WHAT IS EXPECTED =
Pictures in the entries below are to be left out; otherwise, reproduce exactly the lines from the first through the line containing "Dirty Dora is".

Data items =
<<<<

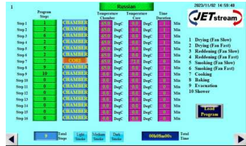
PROGRAM SETTING SCREEN
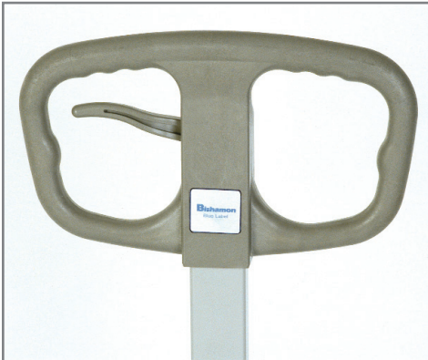
Three position ergonomic hand lever controls the hydraulic system with the handle in any position
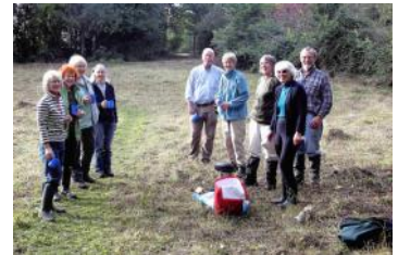
September: Open sightlines at Hillfort
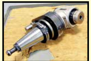
RIGHT-ANGLE MILLING ATTACHMENT
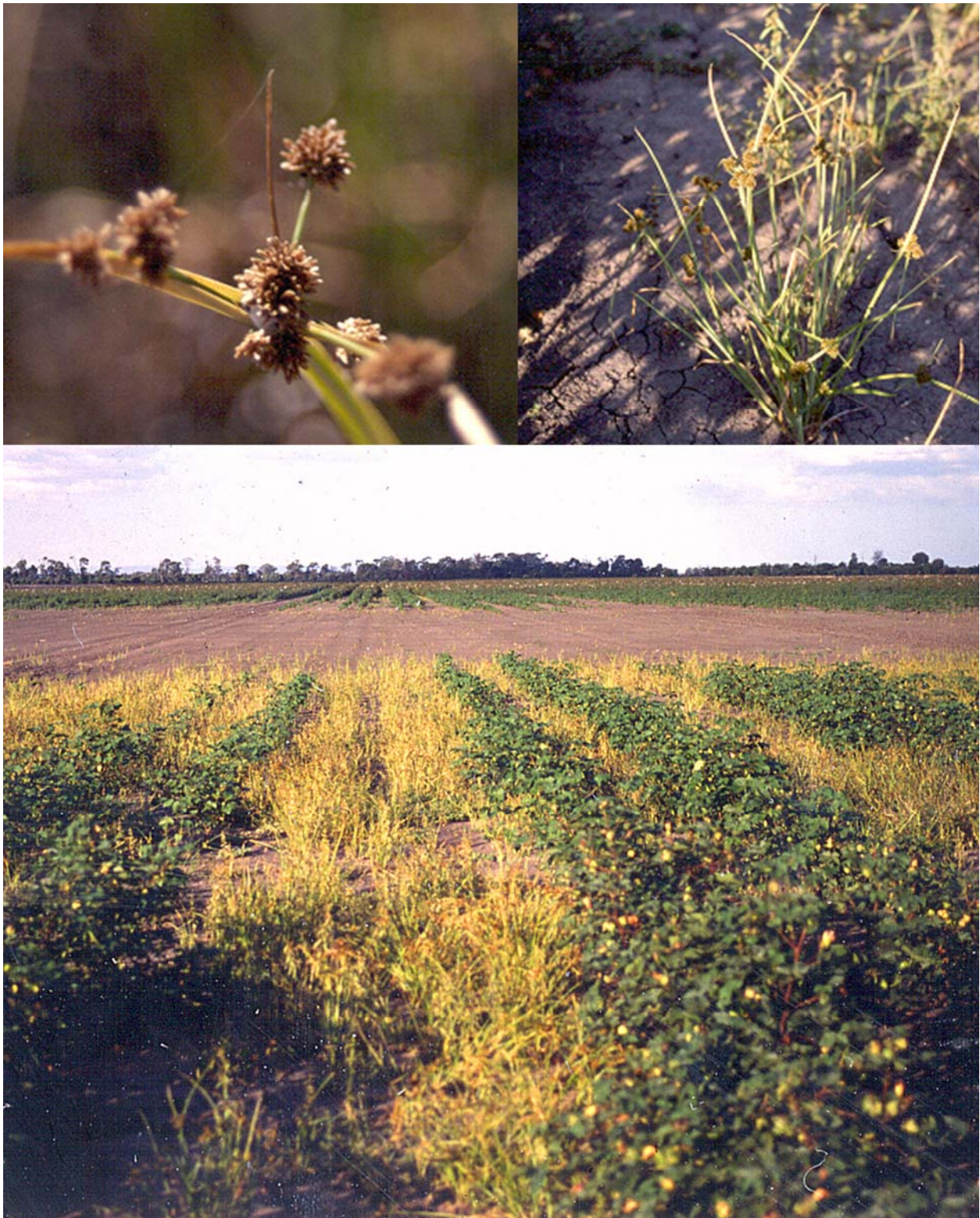
Dirty Dora is a native species that invades wet areas. It produces masses of seed and can spread very quickly.
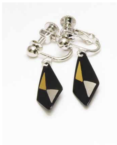
Stock No. NZ_0002 商品名 イヤリング(菱形/ブロック) Product Name Earrings (diamond)
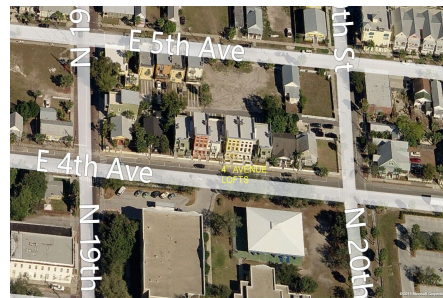
Built in 2007 - 12 units - 3 floors

4TH AVENUE LOFTS CONDOMINIUM ASSOCIATION, INC. WEST COAST MANAGEMENT & REALTY INC 14813 TURNER RD TAMPA FL 33624 PHONE 813-908-0766 FAX 813-908-6833
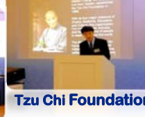
Tzu Chi Foundation
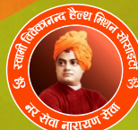
Swami Vivekananda Health Mission Society
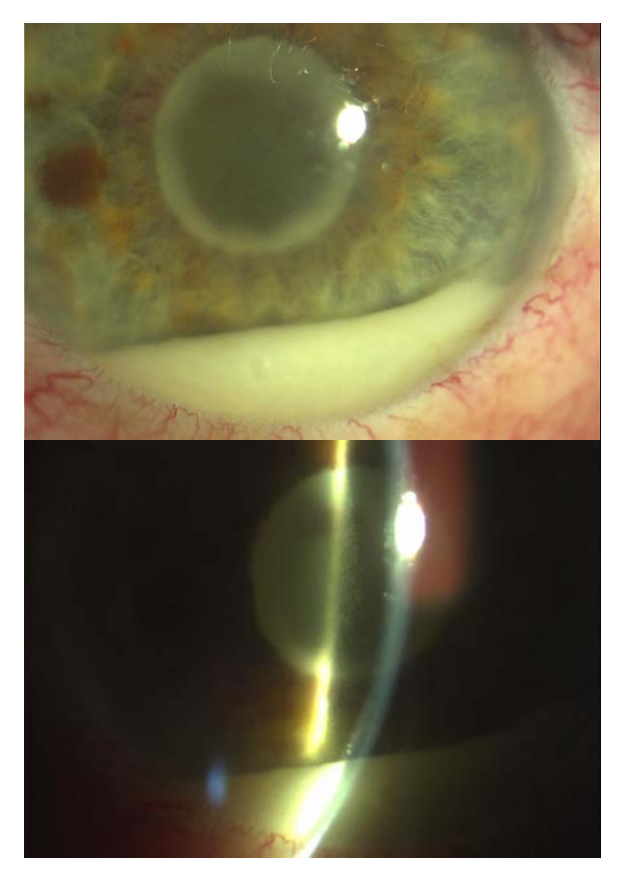
Endoftalmitis in pseudophakic eye

Around 56-90% of bacteria causing acute endophthalmitis are gram-positive, of which the most frequent are Staphylococcus epidermis, Staphylococcus aureus and Streptococcus. Gramnegative bacteria account for 7-29% of endophthalmitis cases, and Proteus aeruginoza and Haemophilus have been reported as the most frequent agents (2,9,12,13).

>>>>

ANSWER BELOW =
PROGRAM SETTING SCREEN
Three position ergonomic hand lever controls the hydraulic system with the handle in any position
September: Open sightlines at Hillfort
RIGHT-ANGLE MILLING ATTACHMENT
Dirty Dora is a native species that invades wet areas. It produces masses of seed and can spread very quickly.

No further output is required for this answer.